> YOUR OBJECTIVE: Word for word, copy the lines from the one with "我经常用HWMonitor来" to the last line of the data below, counting both, and keep every picture out.

> PROVIDED RECORDS:
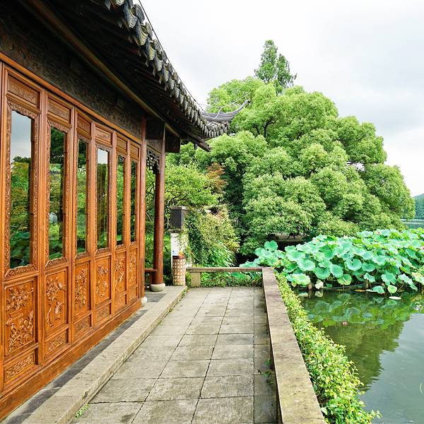 郭庄位于西湖风景名胜区西岸的杨公堤,紧邻曲院风荷,是一座小巧的江南园林。它建于1907年,因有汾阳郭家曾在此居住而得名。这里虽然规模比较小,但假山、水池、亭廊样样俱全,巧借西湖之景,是西湖边出色的品茶赏景之处。园内以池塘为中心,入园首先是“静心居”,是主人曾经的起居会客之所。而后可见池塘,引自西湖之水,有曲廊假山环绕池边,还建有“两宜轩”、“赏心悦目”、“景苏阁”等亭阁。秋季时的曲廊摆满菊花,红色黄色的落叶洒满池塘,颇有意境。郭庄与苏堤相望,这里游人不多,在临着西湖的平台上小坐,或是品茶聊天,看看远处的群山和雷峰塔,很是享受。每到夏季,这里还能欣赏湖边盛开的荷花,湖风拂面,很是清凉。
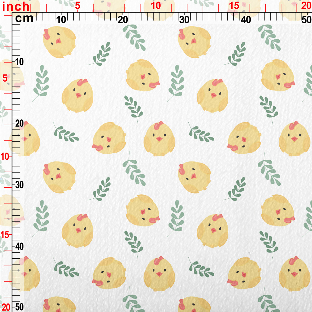 可愛小雞和葉子法蘭絨(幅寬150公分)
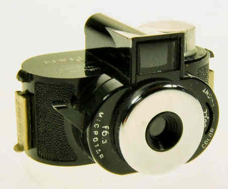 (1950) It's the same lens (f6.3) and shutter (single speed) as the Micro 16, but in a completely redesigned body -- much smaller -- in a lighter, plastic/bakelite package. It has the same single shutter speed (1/50) and the same three aperture settings -- "BRIGHT", "DULL", and "COLOR", but the reflex and slide-out viewfinders are gone. Instead a simple viewfinder was added to the top. The other big difference was the film cassette. Instead of two separate cassettes, it used a single, small, double-lobed cassette. In addition, the film counter is now on the top of the camera -- on the exterior!
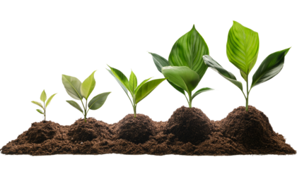 Group of various green seedlings, young plants for transplanting isolated on transparent background PNG (युवा पौधों का समूह)
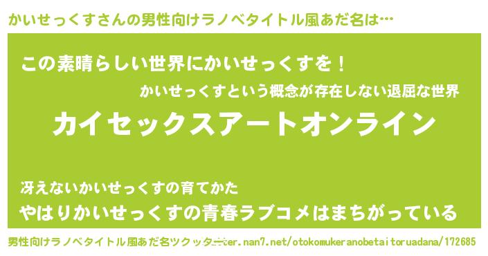 | 肩書あだ名 | 『かいせっくす御曹司』 |
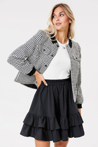 Юбка А-силуэта выполнена из денима с эластаном. Модель с посадкой на талии расширяется к низу за счет вставок из декоративных клиньев, расположенных спереди и сзади. Изделие дополнено пятью карманами как у джинс и брендированным патчем из эко-кожи. Сочетается в комплекте с курткой D51.033
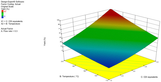 Thus, the data acquired (Supplementary Materials and Table 2) were fitted into a linear equation defining a mathematical model (Equation (1)). The analysis of variance (ANOVA) of the model indicated that all the terms were significant (p-value < 0.05) (Table 3). Furthermore, the signal-to-noise ratio (adequate precision) and lack of fit were adequate to explore the chemical space, while the statistical and prediction parameters (R2, adjusted R2 and predicted R2) fell within acceptable limits (Table 3). Thus, a three-dimensional response surface was generated according to the mathematical model confirming our hypothesis on the dependence of the measured response (% yield of 1) on total flow rate (A), temperature (B), and CDI stoichiometry (C) (Figure 3). The DoE software was provided with optimisation criteria based upon the maximisation, minimisation, or evaluation in the explored range of each factor and response, fixing a desirability limit within the optimised conditions. The software furnished different solutions ranked in desirability order, among which the suitable conditions exhibited the highest desirability index. Notably, a high degree of correlation between the predicted and the experimental yield was observed with a total flow rate of 0.3 mL min−1 (which corresponds to 33 min of residence time), at a temperature of 210 °C, and in the presence of 4.2 equiv. of CDI, allowing obtaining 1 in 98% yield (Supplementary Materials and Table 4).
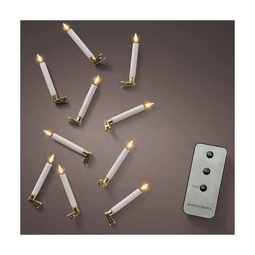 Set mit 10 LED-Kerzen – goldene Clips, warmweißes Licht, Fernbedienung, 14 cm, nur Innenbereich
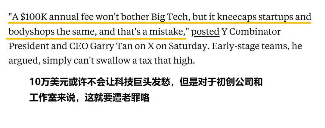 所以,新规一出,硅谷哀嚎遍野,觉得自己命根子都没了。亚马逊、Meta等巨头估计是怕树大招风,没敢明着批评这个涨价规定,但一些初创企业和小公司,本来就没有多少家底,现在还徒增一笔人力成本,当场就绷不住了,直接实名制在媒体上开骂。
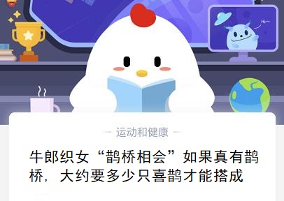 牛郎织女“鹊桥相会”,如果真有鹊桥,大约要多少只喜鹊才能搭成?24万只、34亿亿只。这是支付宝蚂蚁庄园8月25日庄园小课堂的题目,小伙伴们知道这道题的正确答案是哪一个选项吗?下面就让我们一起来看看吧!蚂蚁庄园8月25日每日一题答案问题:牛郎织女“鹊桥相会”,如果真有鹊桥,大约要多少只喜鹊才能搭成?2
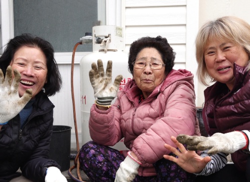 김영자 할머니의 네 딸 중 셋은 어머니의 길을 따라서 해녀가 되었습니다. 비양도의 김영실, 김영미 씨와 달리 셋째 딸인 김영란 씨는 흑산도에서 물질을 합니다. 젊은 시절에 흑산도로 어머니와 함께 원정 물질을 갔다가 남자를 만나 결혼해 지금까지 흑산도 해녀로 살고 있습니다. 겨울 물질을 쉬는 흑산도 바다를 뒤로하고 박영란 씨가 모처럼 친정인 비양도로 찾아왔습니다. 오랜만에 모인 네 모녀는 영란 씨가 가져온 전복으로 죽을 끓여먹습니다.
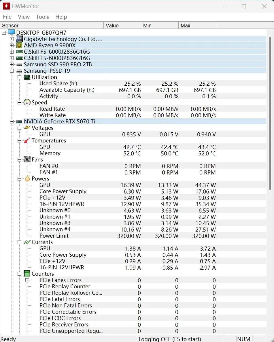 我经常用HWMonitor来做这类事情:跑完一次3DMark基准测试后,切换到HWMonitor查看整个过程中的温度峰值;或者在进行一次长时间游戏后,看看显卡有没有出现过热降频的迹象。历史最高/最低值这个功能看起来简单,实际上非常实用——它能告诉你显卡在极端负载下的真实表现,而不是你截图那一瞬间的数据。
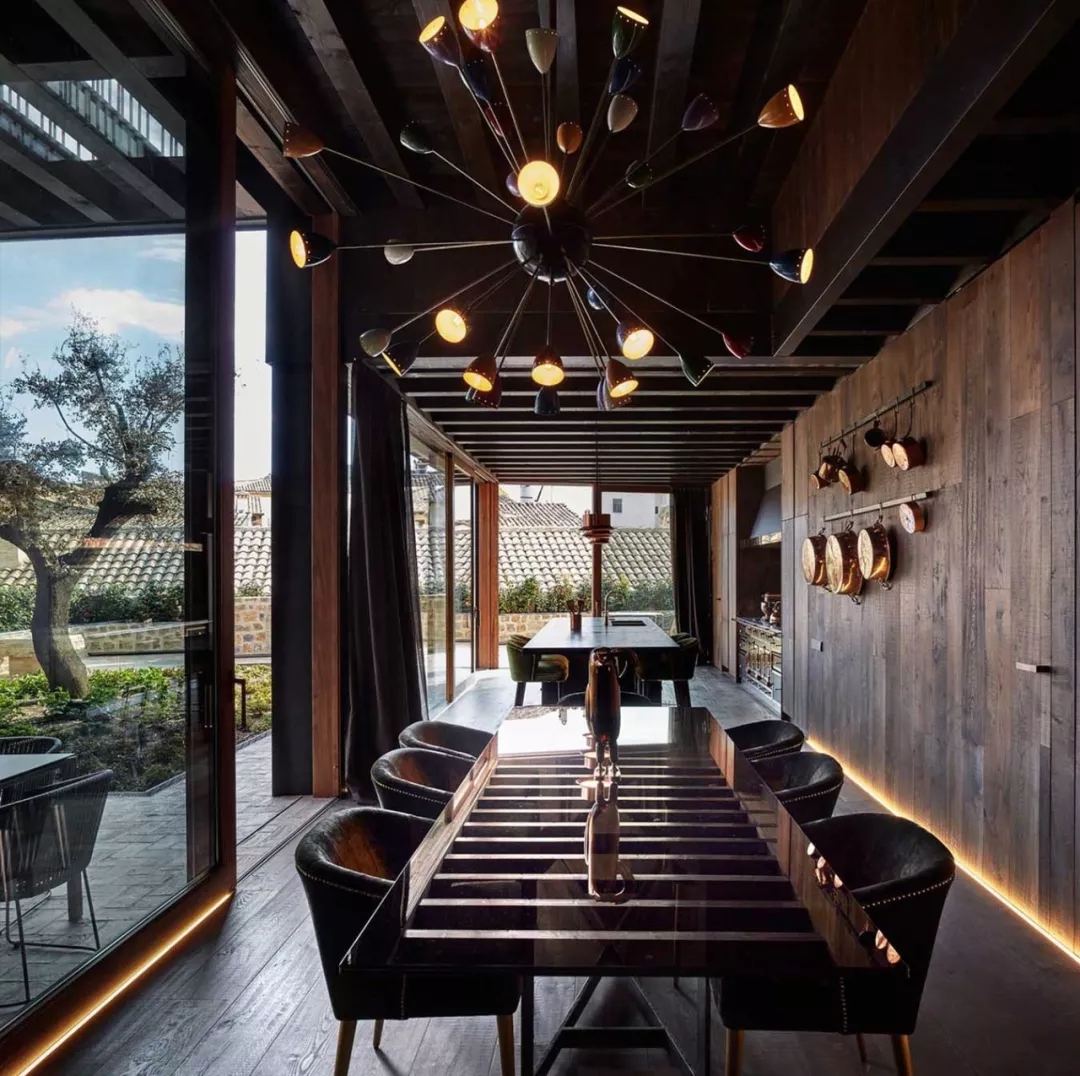 室內設計以復古風格為主,通過木頭天花板和石磚墻體的配合,先營造出古老的藝術氣氛,再通過軟裝的陳列搭配,將空間內的精致感展現出來。
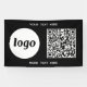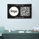 Einfaches Logo mit Text und QR-Code, um Ihr Unternehmen zu fördern. Ersetzen Sie das Logo und den QR-Code durch Ihren eigenen, und ändern oder entfernen Sie den Text, um ihn anzupassen. Minimalistisch und beruflich, um Ihre Marke widerzuspiegeln. Weiß auf schwarzem Hintergrund.
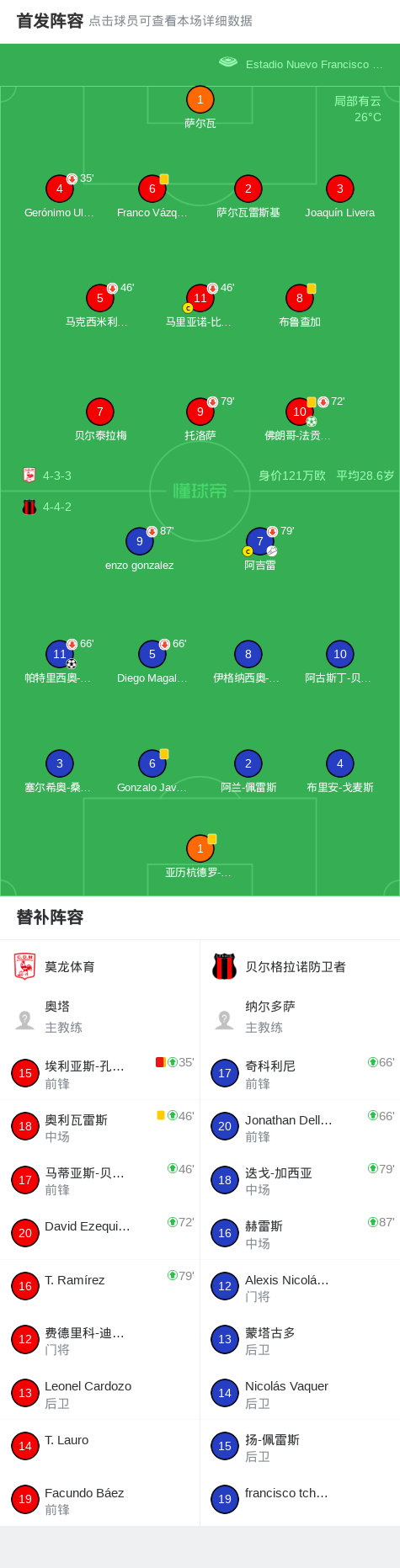 第32分钟,贝尔格拉诺防卫者球员阿吉雷助攻帕特里西奥-莫亚诺打入一球。

> RESPONSE:
 我经常用HWMonitor来做这类事情:跑完一次3DMark基准测试后,切换到HWMonitor查看整个过程中的温度峰值;或者在进行一次长时间游戏后,看看显卡有没有出现过热降频的迹象。历史最高/最低值这个功能看起来简单,实际上非常实用——它能告诉你显卡在极端负载下的真实表现,而不是你截图那一瞬间的数据。
 室內設計以復古風格為主,通過木頭天花板和石磚墻體的配合,先營造出古老的藝術氣氛,再通過軟裝的陳列搭配,將空間內的精致感展現出來。
 Einfaches Logo mit Text und QR-Code, um Ihr Unternehmen zu fördern. Ersetzen Sie das Logo und den QR-Code durch Ihren eigenen, und ändern oder entfernen Sie den Text, um ihn anzupassen. Minimalistisch und beruflich, um Ihre Marke widerzuspiegeln. Weiß auf schwarzem Hintergrund.
 第32分钟,贝尔格拉诺防卫者球员阿吉雷助攻帕特里西奥-莫亚诺打入一球。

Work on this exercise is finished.